Page 87 of Past Present Future

We all share a laugh at that.

“I have. Being able to let go of perfection and write has helped me enjoy the process so much more.” I give Miranda a knowing lift of my eyebrows, and she grins and holds a hand to her heart. “I’ve even been freewriting a bit for myself lately.”

“Then I think my work here is done,” she says before turning serious. “Part of the reason I invited you here, Rowan, doesn’t have to do with writing at all. And it’s that Jon and I started dating when we were sixteen.”

“And now you’re—” I stop, face heating, because maybe you aren’t supposed to ask your professor’s age.

But Miranda waves this off. “We’re thirty-eight.”

“Been together more than half our lives,” Jon says, casting her a look that I can tell, even after having officially met him only an hour ago, is bathed in the purest love.

The romance author in me aches at that look. Because despite all the meet-cutes and heart-fluttery moments that make me kick my feet when I’m reading, that is the true romance. The fact that that look is still this sweet after more than twenty years.

It’s a realization that stuns me a little.

“It wasn’t always easy,” Miranda says. “We grew up in Southern California, and then I went to Boston University and Jon went to UCLA.”

“I’m really putting that marine biology degree to good use.”

“So you did long distance?” I ask. “All four years?”

“All four years,” Miranda confirms. “And we didn’t even have technology back then, so—”

Jon swats at her with his napkin. “We had phones! We had computers! We’re not ancient. Yet.”

Miranda pats his impressive beard. “Keep that in mind the next time we go to bed at nine thirty.”

“How did you do it?” I reach for another piece of bread. “If that’s okay to ask.”

“Of course,” Miranda says. “We found out pretty quickly that just because the other person wasn’t there, it didn’t mean we couldn’t fully experience college. Having other friends in long-distance relationships helped too—or at least, people we could comfortably talk to, people who’d understand.”

“Still working on that part,” I admit.

“You’ll get there.” She has this uncanny ability to sound reassuring about everything. “We had to give each other space, I think, to grow into the people we were going to become. We weren’t the same people at eighteen that we were at sixteen, and especially once we got to college, it seemed like everything started changing so rapidly. We couldn’t be there for every single milestone.”

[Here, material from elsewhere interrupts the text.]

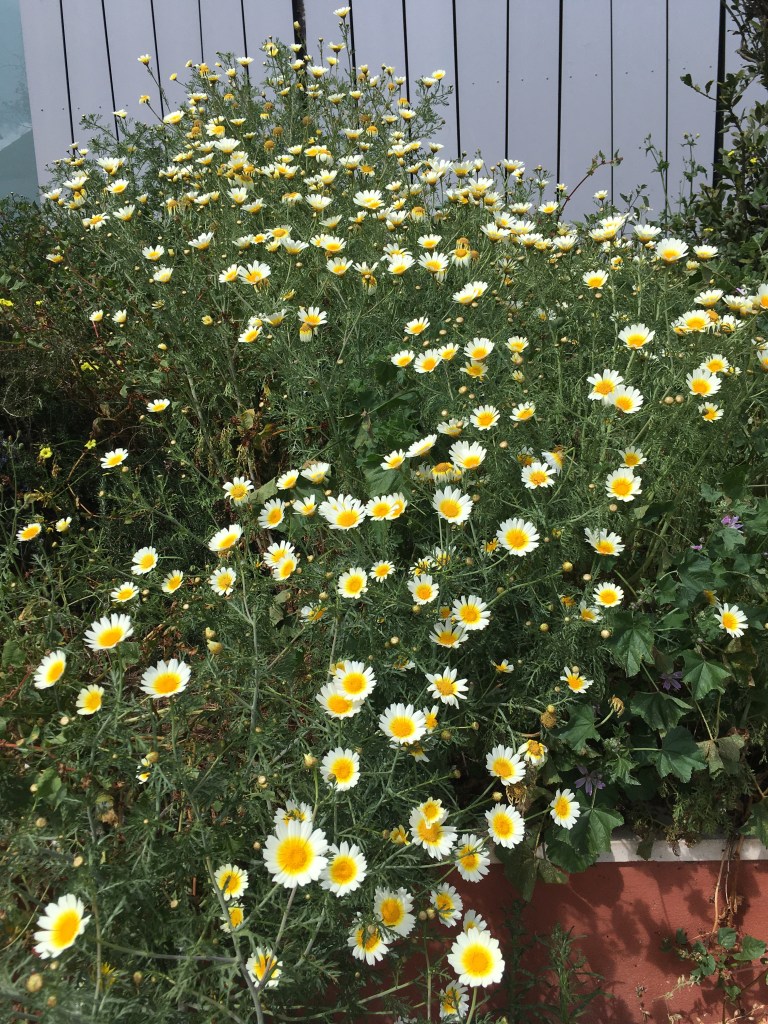 Nuo kuvissa olevat kukat ovat vallanneet istutetun kukkapenkin reunat käyttöönsä. Samanlaisia – ja paljon muitakin – kukkii tuolla vähän joka paikassa. Jopa meidän terassille oli viime vuonna tullut johonkin purnukkaan noita kuvan keltaisia kukkia.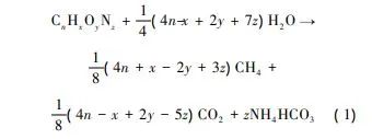 沼渣基本性質(zhì)包括pH、有機(jī)質(zhì)含量、含水率、碳/氮比(C/N)。易生物降解有機(jī)物(CnHxOyNz)厭氧消化過程中的分解反應(yīng)可用式(1)表示:

“But we were there for the ones that mattered most,” Jon says. “Racked up a lot of frequent-flier miles. Worked a lot of double shifts.”

Miranda places her hand on top of Jon’s. Ever so slowly, I catch his thumb stroking her palm. “I think what helped us the most, and maybe this is something that could help you—is realizing that we are going to grow, and that it doesn’t mean that the relationship is doomed. It’s a time of so much change, and you can change together. Those new versions of yourselves can be just as compatible as the old ones—maybe more so. We were fortunate that they were, but it doesn’t mean that we didn’t have to work at it.”

I nod along with what she’s saying, unsure I can put my gratitude into words. They’ve shared so much with me tonight with no expectation of anything in return. If that isn’t true kindness, I don’t know what is.

“My boyfriend… He’s going through some difficult personal things.” Most of it seems too private, but I can share that, at least. “And I’ve been feeling completely lost. Not because we’re struggling—well, that’s part of it—but mainly because he’s struggling, and I haven’t known how to help him.”

Jon’s expression of sympathy is nothing short of genuine. “I’m sorry to hear that.”

“I just want to be there for him. However I can.”

“The best you can do is make sure he knows that,” Miranda says. “Sometimes that’s all we can do.”

Even if she’s right, I still wish I could conjure some magic cure. I can understand why he hid those letters, given how long it took him to be vulnerable with me. It’s painful to want to be let in so badly, to realize the other person’s spent so many years dragging all kinds of heavy things to jam the door. Only natural, then, that it takes a tremendous effort to open it.

“This transition is already hard enough without relationship troubles on top of it,” Miranda continues. “But if it means anything, Rowan, I really think you’re going to be okay.” A wink. “You’ve made it through the freewrites, after all.”

When we finish dinner and Jon gives me a tour of his studio, I feel much lighter than when I arrived. Their advice isn’t a quick fix, of course, but it’s hard not to be ten times more optimistic than I was earlier today.

“Thank you so much for this,” I tell Miranda and Jon as they walk me to the door, after we’ve polished off a heavenly blueberry tart. “I’m still trying to process it all, but seriously. This meant everything to me.”

She gives me a hug. “I thought it might give you a bit of hope to see two people who managed to make it work. Even if we’re ancient.”